Hundreds of right-wing, white supremacists have promised to converge on D.C. for a rally during which they will voice their support for defendants singled out by law enforcement for their participation in the Jan. 6 protest which had all the makings of a riot.

On Monday, Sept. 13, police officers began to install multiple surveillance cameras and a temporary fence around the Capitol. Some buildings in the area have also boarded up their facilities hoping to avoid the destruction of property that occurred during the insurrection in January.

Capitol police say the fence, which incurred the wrath of many D.C. residents for the length of time it remained installed before and after the January 6 insurrection, will come down soon, if everything is peaceful.

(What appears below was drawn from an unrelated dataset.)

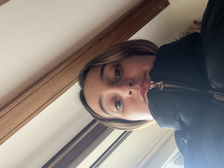 A young individual, appearing female, with medium-length brown hair, is captured in a close-up, low-angle indoor shot, looking directly at the camera with a neutral expression. The subject is wearing a black puffer jacket, zipped up to the chin, revealing a silver-colored zipper. The background features a light-colored ceiling or wall with two diagonal wooden beams of a medium brown tone. To the left, a dark-framed structure, possibly a window frame, is partially visible. This scene is located indoors in the city of Porto, Portugal.

However, when the fence came down in July, UPCP officials indicated that under certain conditions, they might exercise the ability to beef up security around the Capitol Complex.

The Justice for J6 rally will take place around the Union Square area of the Capitol grounds, the Ulysses S. Grant Memorial and the Capitol reflecting pool.

USCP Chief Tom Manger said he advises those who plan to attend and cause trouble consider staying home.

“We are here to protect everyone’s First Amendment right to peacefully protest,” he said, while warning participants, “we will enforce the law and not tolerate violence.”

Civil disturbance units of The Metropolitan Police Department [MPD], specifically trained to handle First Amendment demonstrations in D.C., have already been activated with the entire force placed on alert and all vacation days suspended.

During a briefing of members of Congress on Monday, Senate Majority Leader Chuck Schumer said he’s confident that police are better prepared now than they were on Jan. 6.

An emergency declaration, installed last week by the Capitol Police Board, will become effective prior to the demonstration – an action which gives the Department authorization to deputize neighboring law enforcement officers including the U.S. Capitol Police Special Officers.

“We want to reassure everyone these are temporary measures to ensure everyone’s safety,” Manger said in a statement. “We are extremely grateful for the support we continue to receive from the local community and our Congressional stakeholders as we carry out our critical mission.”

But leaders in the D.C. community have also taken steps to curtail incidents of violence.
The Downtown Cluster of Congregations [DCC], established in 1972 and currently comprised of more than 50 local churches of various faiths, wants local businesses to reduce alcohol sales and cancel hotel reservations made by those planning to participate in the rally.

DCC Executive Director Terry Lynch recently told reporters that he’s urging leaders in the District to request the assistance of local businesses with additional safety precautions.

“We don’t think it’s just up to MPD,” he said. “We don’t think it’s just up to Capitol Police to make it safe. This is an all-hands-on-deck kind of situation.”

“We think it’d be fool-hearted not to take full seriousness with what could possibly transpire,” he said. “Given what transpired and the lives that were lost (in January), we think it is well within our responsibility to do what we can to make sure we’re safe that weekend. [But] with small simple steps, I think we can help assure safety as well as allow people to express their freedom of speech.”